You know how difficult it is to teach your toddler to follow the rules, but focusing on his poor behavior is bound to backfire. While you need to correct negative behavior, focusing on the good things your child does can be equally as powerful at curbing unwanted behavior. Devising a reward system is one way to accomplish that goal.
Toddlers don't think abstractly, so they need a visual reminder of how to behave. A chart can encourage your toddler to behave appropriately. While your toddler won't understand a complex chart that outlines desired behaviors, a simple sticker or a smiley face on a piece of paper separated into days can deliver that message. When you see your toddler behaving, make a big deal about putting a sticker or drawing a happy face on the chart. Your toddler will enjoy all the positive attention and will likely strive to repeat that behavior in the future so she gets another reward on her chart.
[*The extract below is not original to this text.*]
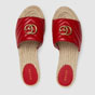 Carefully constructed in Spain. These espadrille sandals are made with hibiscus red leather and finished with the Double G. With an inherently seaside feel. The espadrille evolves from its 13th century origins into a contemporary style.
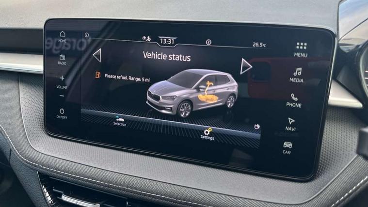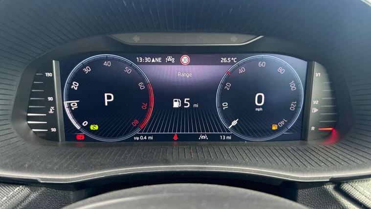 Advanced driver attention and drowsiness monitor, Bluetooth connection, Electromechanical power steering, Exterior temperature gauge, Service interval indicator, Traffic sign recognition, Virtual cockpit with 10.25" colour display, Wireless SmartLink for Apple CarPlay and Android Auto, 6 Speakers (4 in front and 2 in rear), 9.2" colour display skoda navigation system with voice control and web radio, Auxiliary socket for external MP3 player, DAB digital radio reception, Auto dimming rear view mirror, Body colour door mirrors, Body coloured bumpers, Chrome window surround, Door mirror integrated indicators, Front and rear electric windows, Front window wiper intermittent control, Headlight range control - Automatic, Ice scraper in fuel cap, LED daytime running lights with coming and leaving home feature, LED rear lights, Privacy glass, Rear LED fog light, Rear side wing doors, Rear window wiper with washing nozzles, Roof mounted spoiler, SKODA tailgate lettering in chrome, Third brake light, Unique dark chrome design logo on alloy wheels, 2 LED reading lights in front and rear, 3 rear headrests, Backrest split and folding, Central console with removable cup holder and storage box, Chrome handbrake release button, Comfort seats, Door sills with fabia badging, Dual zone air conditioning with climatronic electronic control, Fabric upholstery, Front centre armrest, Gearshift knob/handle in leather, Hand brake lever handle in leather, Height adjustable front headrests, Height adjustable front seats, Height adjustable steering wheel, ISOFIX and TopTether anchorage points to the outer rear seats, ISOFIX and TopTether on the front passenger seat, Luggage compartment lighting, Manually adjustable lumbar support in front seats, Metallic grey interior door handles, Pollen filter, Rear seat bench unsplit, Single front passenger seat, Skoda lettering on steering wheel, Storm grey headlining, Sun visors with mirror and airbag label on passenger side, Textile floor mats, Ticket holder, Umbrella in drivers door, 3-point height adjustable front seats belts with pretensioner and force limiter, Automatic warning lights in case of crash, Driver and passengers airbag with switch off function, e-Call+, ESC including ABS, MSR, ASR, EDS, HBA and XDS, Front and rear seat belt warning, FRONT ASSIST (AEB City and AEB Inter Urban), Front side airbags, Head airbags, Hill hold control, One tone horn, Pedestrian protection, Three rear 3-points safety seat belts with pretensioner and force limiter including stop function for outer rear seat belts, Tyre pressure monitoring system, Anti-theft alarm system including immobiliser, interior monitoring, backup horn, and towing protection, Central locking with radio remote control, interior controls, SAFE function and 2 foldable keys, Black painted air vents, Metallic grey central console cover, Metallic grey upper decorative trim, Satin black door and side trim panel in front, Textile microsuede grey lower decorative trim with art grey stitching, Anti-theft wheel bolts protection, Super-low rolling resistance tyres,

Just as charts serve as a visual reminder, toddler bucks can also serve as an incentive. No, toddlers don't understand the importance of money, but they do understand getting a reward. Cut colored construction paper into rectangles and let your toddler scribble on them or stick stickers all over one side. On the back, draw a picture of a certain reward, such as a cartoon or a bottle of bubbles. When you catch your toddler being good, reward him with a toddler buck. Show him how to turn it over to see what his prize is. For example, if it's a picture of bubbles, immediately take your child outside and blow bubbles together. Over time, your toddler will learn that behaving appropriately brings entertainment and he will be more likely to repeat those desirable behaviors.
Good Behavior Fairy
Magical creatures, such as Santa, the Easter Bunny and fairies, are quite intriguing to toddlers and you can use that to your advantage. Spin a tale about the "Clean-Up Fairy" or the "Sleepytime Fairy." The exact fairy should be based on the area of behavior your toddler is having a hard time with. Let your toddler know that every once in a while, the fairy will reward children who listen to their parents and do what they're supposed to. Follow through by leaving your child a prize occasionally. For example, if your toddler goes to bed without getting up several times, leave a small prize, such as a bouncy ball or a sheet of stickers, under her pillow. The promise of a prize is often the only incentive necessary to improve behavior.
If you're opposed to tangible rewards such as toys, praise is also powerful reward. When you notice your toddler playing quietly or putting his toys away the first time you ask, praise him or give him a high five. Your toddler will be so proud of himself that he'll probably strive to behave in the future. Don't reward your toddler every time he behaves, however, because it can backfire on you if you forget to pass out a reward. Further, your toddler needs to learn how to behave without the promise of a reward since, as he gets older, he won't get a prize just for going to bed on time or for taking responsibility for his own toys.